Bug 215720

Summary: brk() regression on AArch64 on static-pie binary -- issue with ASLR and a guard page?
Product: Memory Management Reporter: Victor Stinner (vstinner)
Component: OtherAssignee: Andrew Morton (akpm)
Status: NEW ---    
Severity: normal CC: dominik, fweimer
Priority: P1    
Hardware: All   
OS: Linux   
Kernel Version: 5.17.0 Subsystem:
Regression: No Bisected commit-id:
Attachments: empty.c reproducer

Description Victor Stinner 2022-03-22 02:24:57 UTC
Created attachment 300597 [details]
empty.c reproducer

I found a brk() syscall regression of Linux kernel 5.17 on AArch64.

A git bisect found the change "fs/binfmt_elf: use PT_LOAD p_align values for static PIE": commit 9630f0d60fec5fbcaa4435a66f75df1dc9704b66, changed related to the bz#215275.

Program to reproduce the bug, empty.c (attached to the issue):
---
_Thread_local int var1 = 0;
int main() {
    volatile int x = 1;
    var1 = x;
    return 0;
}
---

Build the program as a static PIE program:

    gcc -std=c11 -static-pie -g empty.c -o empty -O2

The program fails randomly, it takes 100 to 6000 runs to reproduce the crash.

Short shell loop to reproduce the crash:
---
$ i=0; while true; do ./empty; rc=$?; i=$(($i + 1)); echo "$i:
$(date): $rc"; if [ $rc -ne 0 ]; then break; fi; done
(...)
159: Tue Mar 22 01:54:22 CET 2022: 0
160: Tue Mar 22 01:54:22 CET 2022: 0
Segmentation fault (core dumped)
161: Tue Mar 22 01:54:22 CET 2022: 139
---

Disabling ASLR (write 0 to /proc/sys/kernel/randomize_va_space) works
around the bug.

Rather than using "empty.c" program, the "ldconfig -V > /dev/null" command can be used: standard static-pie program.
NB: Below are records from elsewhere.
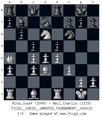 Last move : 1-0 2011 March 7 19:55:5 [Event "FICGS__CHESS__UNRATED_TOURNAMENT__000015"] [Site "FICGS"] [Date "2011.03.01"] [Round "1"] [White "Riha,Josef"] [Black "Neil,Charlie"] [Result "1-0"] [WhiteElo "2049"] [BlackElo "1119"] 1.d4 Nf6 2.c4 e6 3.Nc3 Bb4 4.a3 Bxc3+ 5.bxc3 O-O 6.f3 d6 7.e4 Nbd7 8.Bd3 b6 9.Ne2 Ba6 10.O-O c5 11.Qa4 Qc8 12.Ng3 Re8 13.Re1 e5 14.Nf5 Bb7 15.Nxd6 1-0 Nimzo-Indian : Saemisch variation Kingside Castling by player Black (move 5) Kingside Castling by player White (move 10) Player White won this chess game. Follow this game move after move (download)Everything is in a state of flux, and this includes the world of Chess. (Mikhail Botvinnik) Bobby Fischer ist kein Vorbild für die heutige Jugend. (Viktor Kortschnoi) El Ajedrez lo es todo: arte, ciencia y deporte. (Anatoly Karpov) Dieu déplace le joueur, et celui-ci la pièce. Quel Dieu derrière Dieu commence donc la trame ? Arturo Perez-Reverte (prix de littérature policière 1993). The best weapon against an enemy is another enemy. (Friedrich Nietzsche)
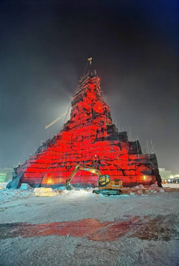 規(guī)模最大的冰景建筑“圣火之巔”完工,標(biāo)志著第二十三屆哈爾濱冰雪大世界開園進(jìn)入了倒計時階段。園區(qū)內(nèi)其他冰雪景觀正在緊張施工中,一個流光溢彩、炫麗耀眼的冰雪樂園,即將呈現(xiàn)在世人面前。
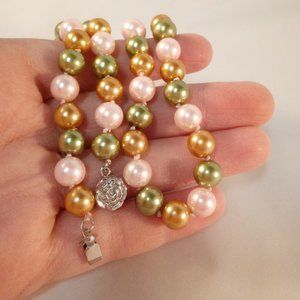 Beautiful women's classic design AAA+ quality natural south sea shell pearls necklace + earrings w/a satin bright reflected light luster, in yellow golden, pink + green . Hand knotted double silk thread between each pearl. Brand new, never been worn.
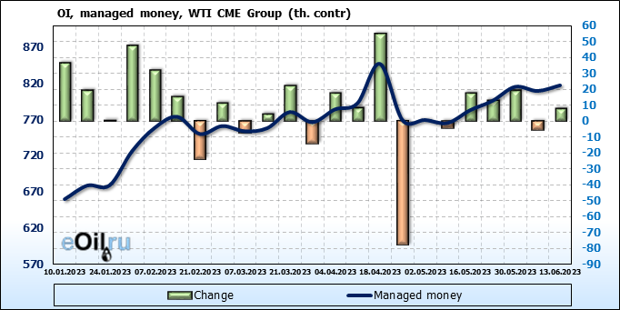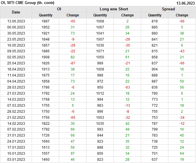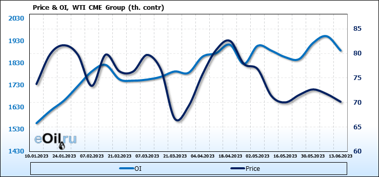 WTI. Открытый интерес на 17 июня 2023
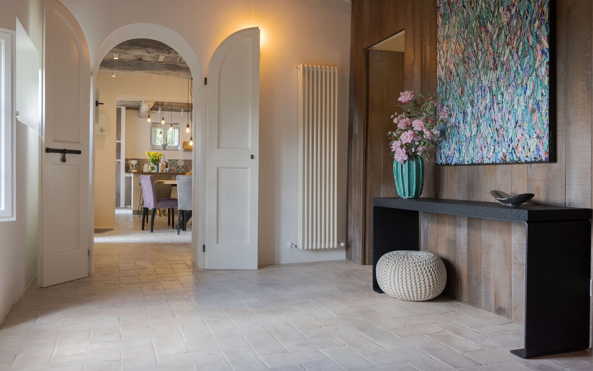 Last June, we had the pleasure to stay for one week at Tenuta Pomona, an amazing place uniquely located on one of the hills around Cortona. A small winding road takes you up the hill and once you are there, you are rewarded with a breathtaking view on the Chiana valley and the city of Cortona. From the moment you enter the domain, you experience a feeling of tranquillity, beauty and freedom… The property itself consists of the main house and some annexes, everything renovated with great respect for the Tuscan style and with tasteful interiors.
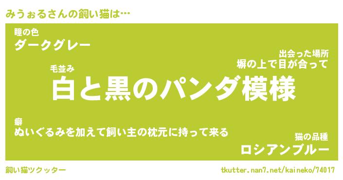 | パンダ模様のシャム猫、、(略 …「めい」 | 6月18日 03:09 |
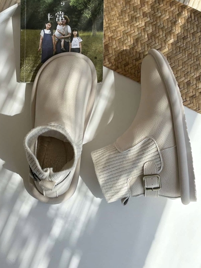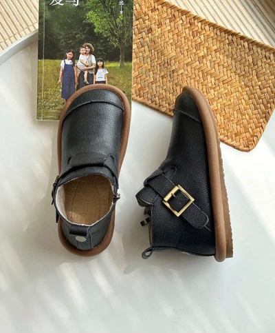 Round head flat bottom short boots new belt buckle fashionable soft sole boots
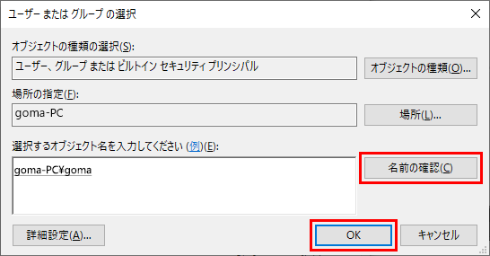「選択するオブジェクト名を入力してください」の欄にログインしているユーザ名を入れ、「名前の確認」を押し、「OK」を押します。
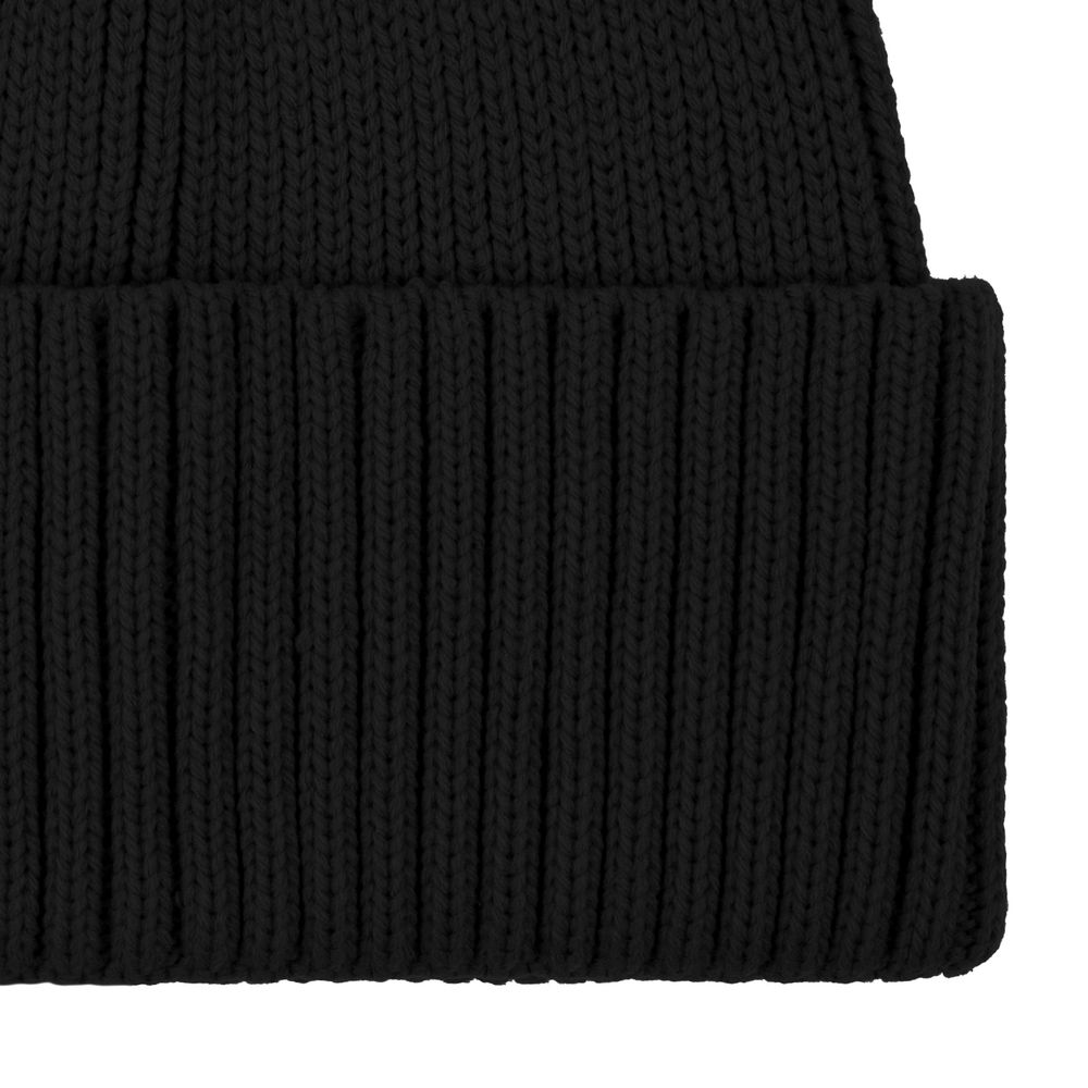 Однослойная шапка из объемной пряжи с отворотом.
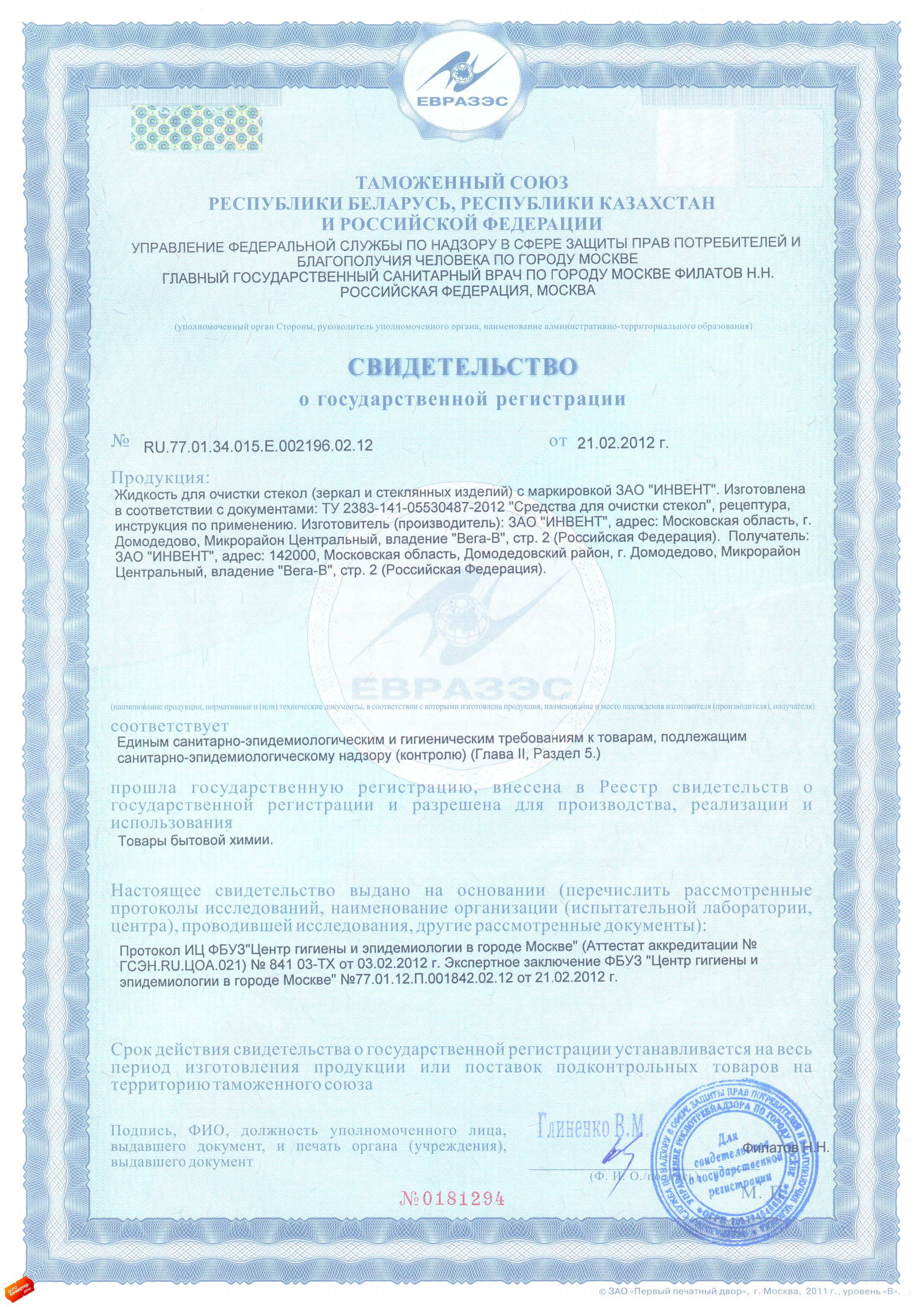 Сертификат на товар - Средство для стекол и зеркал Chirton Window Cleaner 500 мл

strace when the program works:
---
brk(NULL)                               = 0xaaaac3961000
brk(0xaaaac3961b78)                     = 0xaaaac3961b78
---

strace when the bug occurs:
---
brk(NULL)                               = 0xaaaabf3c3000
brk(0xaaaabf3c3b78)                     = 0xaaaabf3c3000
---

The following test of the brk() syscall fails when the bug occurs:
---
	/* Check against existing mmap mappings. */
	next = find_vma(mm, oldbrk);
	if (next && newbrk + PAGE_SIZE > vm_start_gap(next))
		goto out;
---

Note: When the bug occurs, the program crash with SIGSEGV: the glibc __libc_setup_tls() function calls sbrk(2936) to allocate TLS variables, but it doesn't handle the memory allocation failure.

Note: At the beginning, I discovered this kernel regression while checking for Python
buildbot failures on our Fedora Rawhide AArch64 machine.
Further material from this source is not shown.